In Scandinavian countries, this approach of often complemented by systems of childcare support until children enter primary school at age 7, and a system of out-of-school hours care for school children up to age 11 or 12. As a result, the EP report states, both fertility and female participation rates are very high. Meanwhile, the negative effects on women’s career and income perspectives seem to be rather modest.

France has a similarly comprehensive support system especially when it concerns children age 3 years and over. Meanwhile, the country has been reducing the duration of the primary school day and making local authority responsible for offering childcare in the form of supervised after school activities.

By contrast, in Southern European countries, there is a greater informal care support, often by relatives. This is change from countries like the Netherlands, Germany, Switzerland and the UK. There, people are more likely to find work-life/balance solutions by reducing their working hours, and many women work part-time in these countries. By comparison, countries in Central and Eastern Europe, such as in Czech and Slovak Republics and in Hungary, often have very long periods of paid leave before children enter pre-school according to Adema.

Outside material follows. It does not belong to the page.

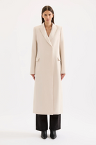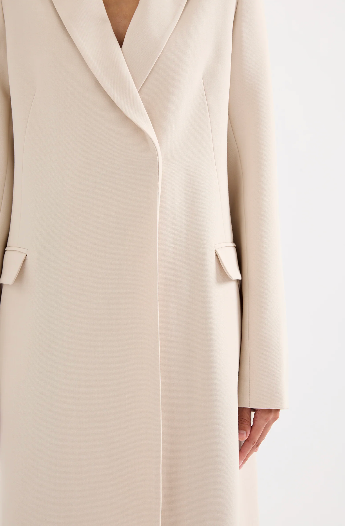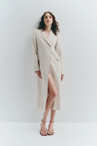 The Jules Longline Blazer is made from a midweight tailoring fabric which has a smooth hand feel and a subtle visual texture. The silhouette is a structured, longline, single breasted shape with classic sloped shoulder, slim fit body & full length sleeve. Features include traditional tailoring detailing throughout, tailored vents at sleeves and back of body and Nude Lucy branded buttons.

And they experienced a clear downward tendency with regards to childcare facilities during the 1990, according to a comparative review of 30 European countries. “In some of these countries the (economic and social) climate for childcare services has improved over the last few years but in others shortages remain.

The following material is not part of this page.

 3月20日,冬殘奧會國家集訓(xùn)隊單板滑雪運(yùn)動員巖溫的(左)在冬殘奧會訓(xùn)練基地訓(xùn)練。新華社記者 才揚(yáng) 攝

Clearly, harmonisation at the European level is needed. According to the 2007 report, entitled The Cost of Childcare in EU Countries, this is true for the quantity and quality of the supply of care services, the affordability of care services for families among others things.

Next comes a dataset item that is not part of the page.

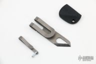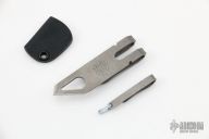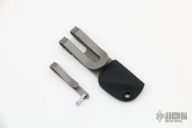 This Mega Dangler from Munroe is composed of stonewash titanium, and has a kydex sheath. Comes with matching DTS. Includes Maker's card. Excellent condition.

In line with such wide diversity of approach to childcare, the social acceptability of relying on childcare facilities differs across European countries. In her social environment, in Germany, Swedish scientist Pauline Mattsson often feels misunderstood: “I don’t know any family in Germany where both men and women are working fulltime. People often discuss what is best for the children but I don’t think that children staying home with their parents until they are a year and a half old are happier than children in countries who spend more time in formal childcare especially for children below one.”

What are in you opinion the measures to adopt in order to grant an effective childcare?
How do you cope with your life as a parent and a professional?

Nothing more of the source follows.